▶ Problem statement: Look through the listing below for the line with "Students' intuition about" and the line with "Kovinski Posteljni okvir". Copy both, along with every line between them, exactly and with no pictures.

▶ Records shown:
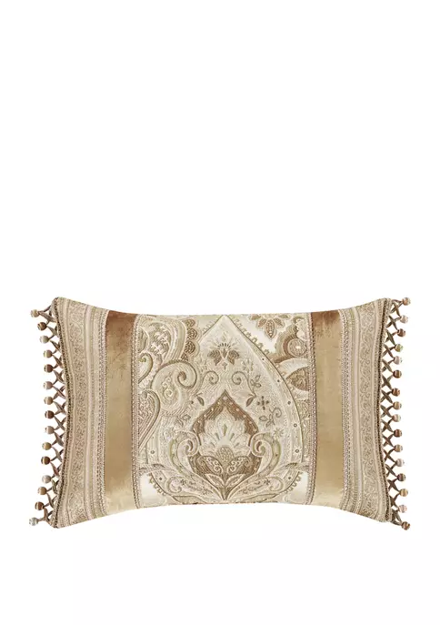 The Sandstone boudoir throw pillow is beautifully constructed with a traditional woven damask pattern centered, complemented by a bordering beige velvet and lovely jacquard stripe. The pillow is finished with a coordinating gimp and multi-colored tassel ball fringe. Pair this 13×21 inch pillow with the sandstone bedding set by J. Queen New York for a complete traditional luxury look.
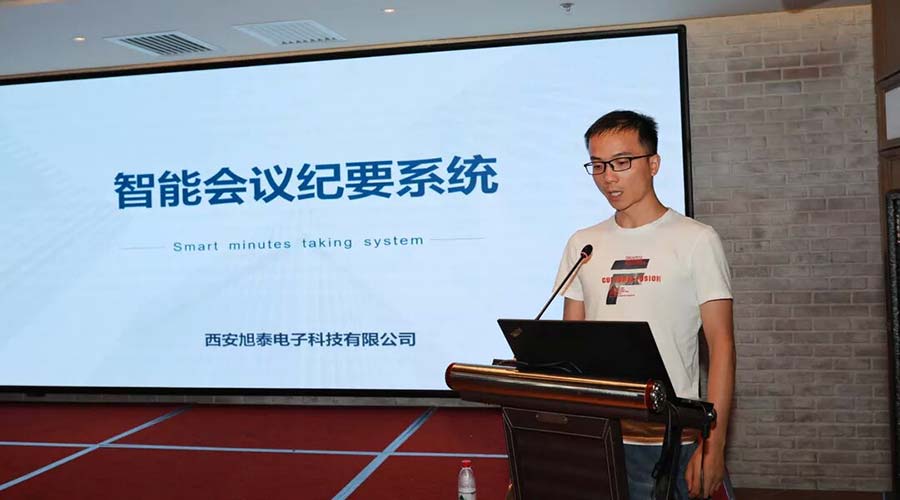 西安旭泰電子科技有限公司技術(shù)經(jīng)理李波講解了智能會(huì)議紀(jì)要系統(tǒng)在會(huì)議中的實(shí)用性,并在現(xiàn)場進(jìn)行了應(yīng)用演示。
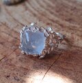 とても素敵に仕立ててくださりありがとうございました。ご丁寧に都度進捗状況もお送りいただきましたので、どのような姿になっているかは把握していたのですが、実物は見た瞬間感動が押し寄せる程素敵で、ため息が出るほどに美しく繊細です。どこから見ても本当に隙のない可憐なデザインで、眺めているだけでも幸せなのですが、せっかくリングに仕立てていただいたので大切に使用したいと思います。本当にありがとうございました!
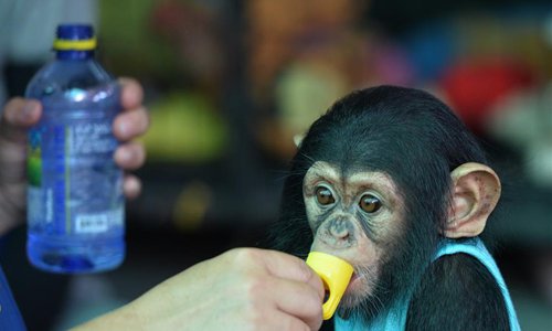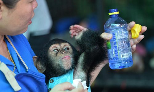 A woman feeds a chimpanzee with water at Samut Prakarn Crocodile Farm and Zoo in Samut Prakarn province, Thailand, Aug. 18, 2019. (Xinhua/Rachen Sageamsak)
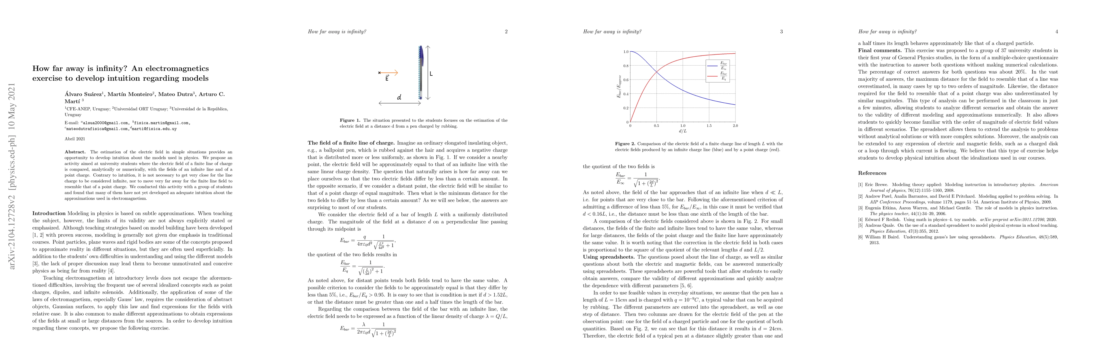 Students' intuition about infinite line charges was tested; results showed that finite line fields resemble point charges at unexpected distances, highlighting the need for accurate models in electromagnetism.
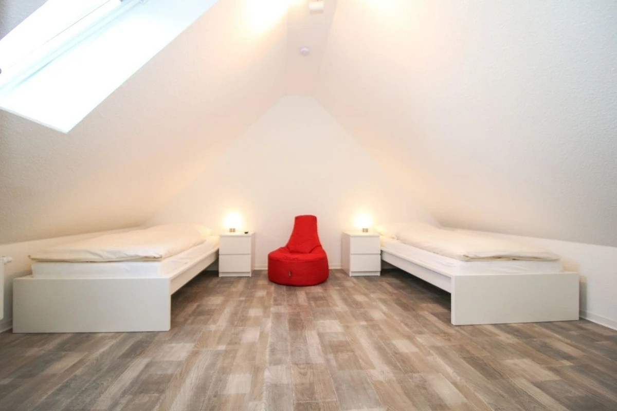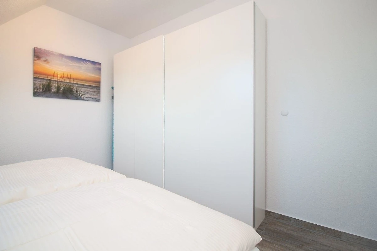 Über die Treppe im Eingangsbereich erreichen Sie das Obergeschoss der Wohnung. Hier stehen Ihnen zwei Einzelbetten zur Verfügung.
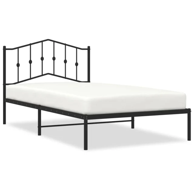 Kovinski Posteljni okvir - Enojna postelja - Postelja za odrasle z vzglavjem črn 107x203 cm
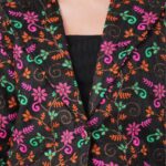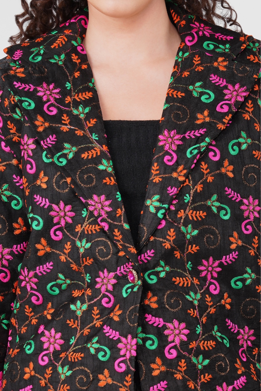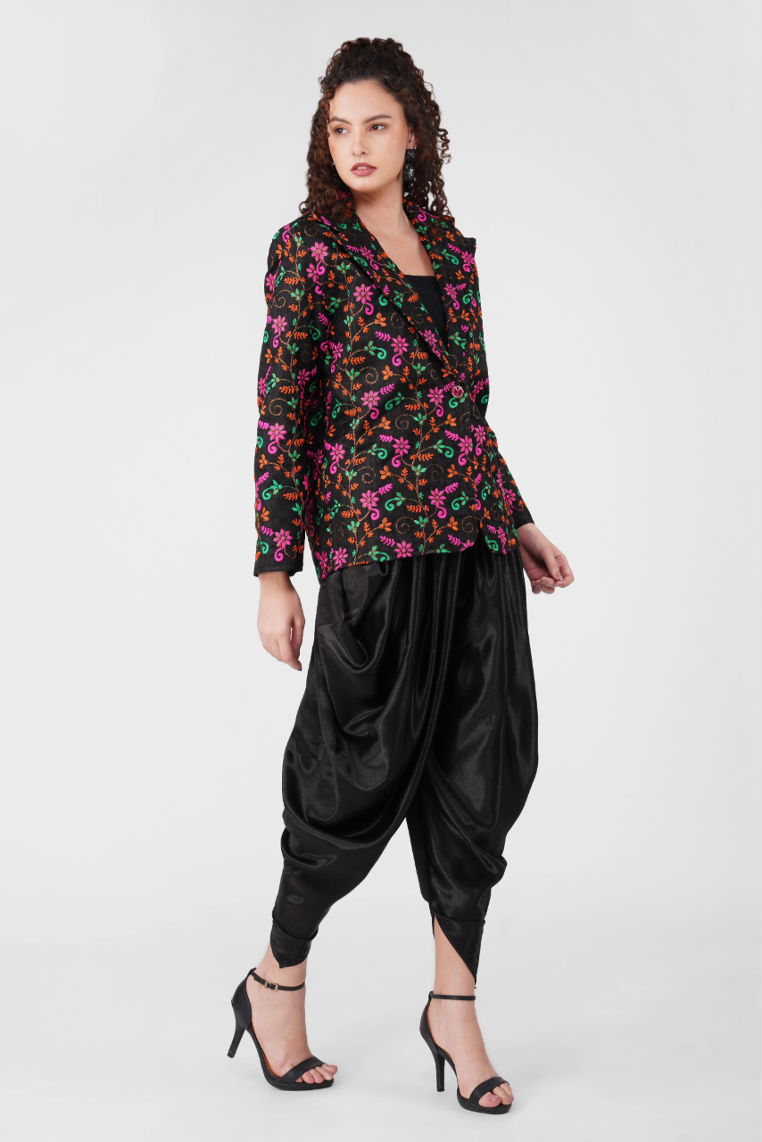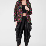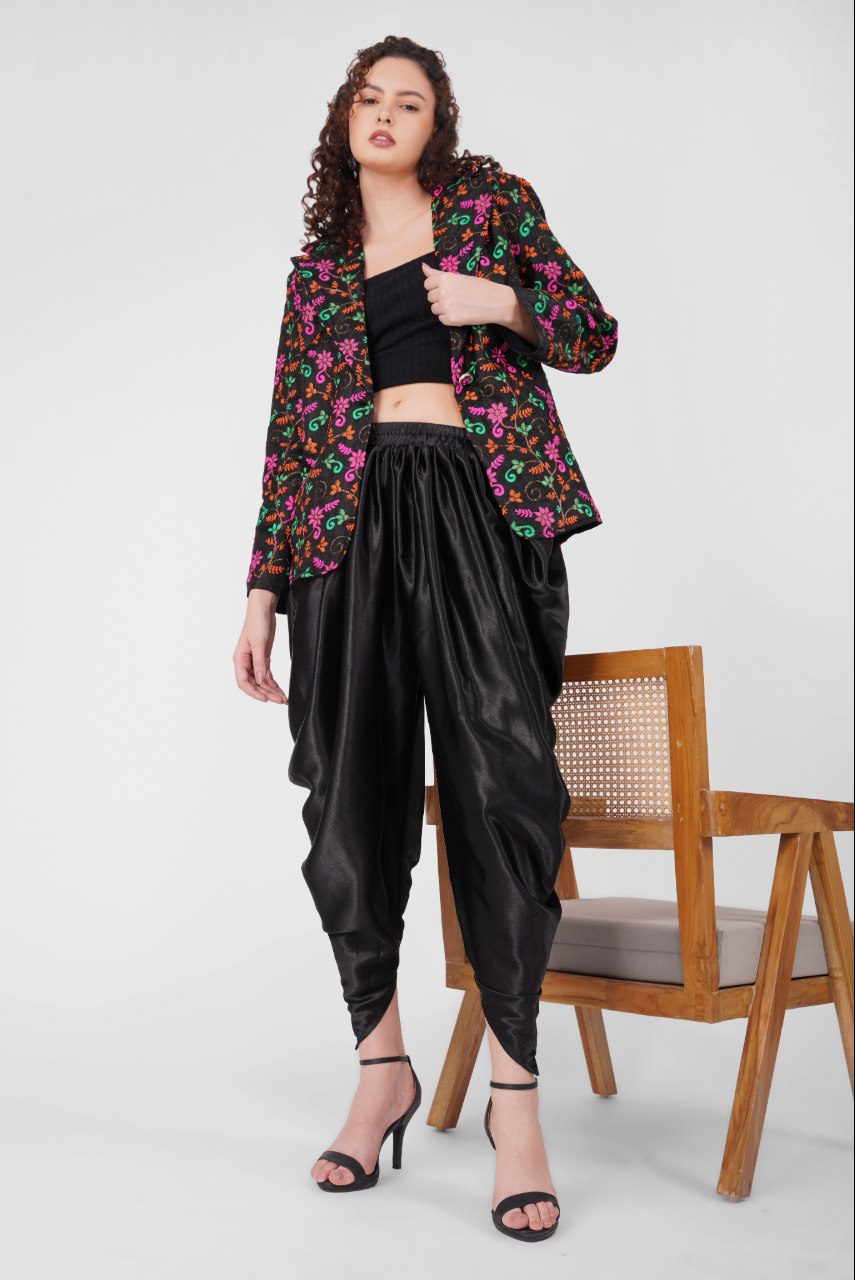 Celebrate colour, creativity, and couture with The Bloom Royale Dhotti Co-ord Sets — a stunning fusion of art and fashion. The statement multi-coloured floral coat features vibrant blooms woven across rich fabric, designed to captivate with every glance. Its longline silhouette adds grace and movement, balanced by elegant black dhoti pants that bring a modern, draped twist to traditional styling. Make a stunning statement with this exquisite Indo-Western Ensemble, perfectly blending traditional artistry with contemporary flair. This two-piece set features a vibrant embroidered jacket paired with chic, sculpted dhoti pants, creating a look that is both striking and sophisticated. The thread work bursts with color, showcasing vivid shades of neon pink, bright orange, lime green, and teal. Perfect for festive occasions, couture events, or evenings that call for bold sophistication.
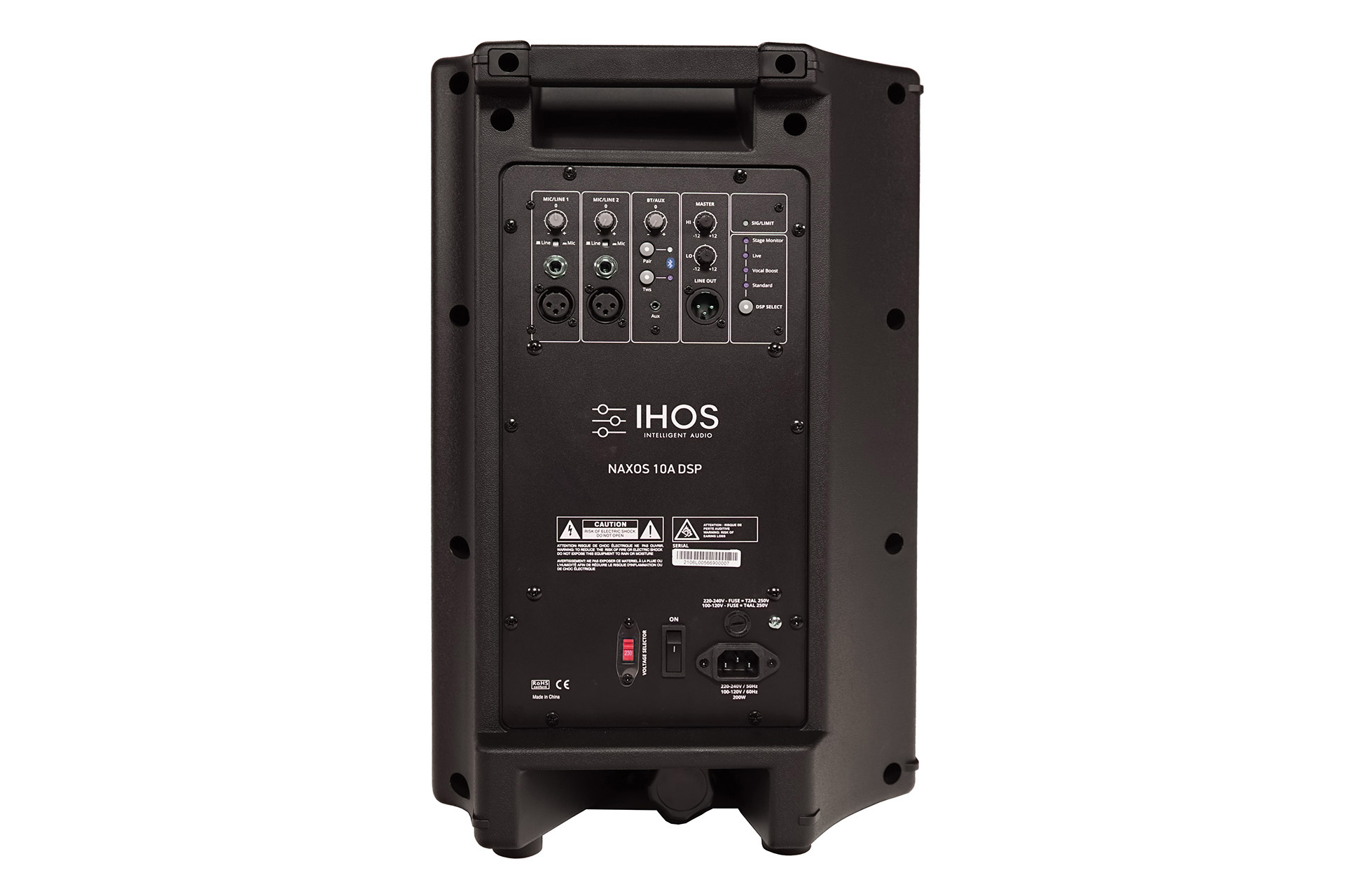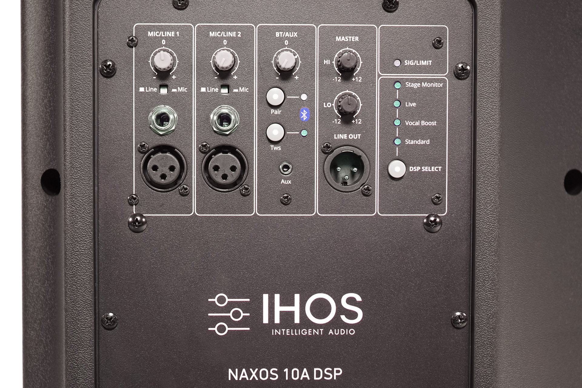2 way active full range speaker. Inputs: Bal XLR/TRS, 6.35, AUX, Bluetooth. Outputs: Balanced XLR / TWS. Power output: 150W (LF) + 50W (HF) RMS. Bluetooth version: 5.0 Power Input: 100/240 Volt AC, 50/60 Hz switchable. Features: LF: German Engineering class D, HF: Class-AB. DSP signal processing. DSP parameters: Standard, Vocal boost, Live, Stage monitor. EQ: Bass / Treble. Frequency Range: 60 - 20 kHz. Max output SPL: 123dB (at max AMP output). Impedance: LF 4Ω / HF 8Ω. 1" compression driver. 10" woofer. HPP moulded cabinet. 35mm stand pole.

▶ The answer:
 Students' intuition about infinite line charges was tested; results showed that finite line fields resemble point charges at unexpected distances, highlighting the need for accurate models in electromagnetism.
 Über die Treppe im Eingangsbereich erreichen Sie das Obergeschoss der Wohnung. Hier stehen Ihnen zwei Einzelbetten zur Verfügung.
 Kovinski Posteljni okvir - Enojna postelja - Postelja za odrasle z vzglavjem črn 107x203 cm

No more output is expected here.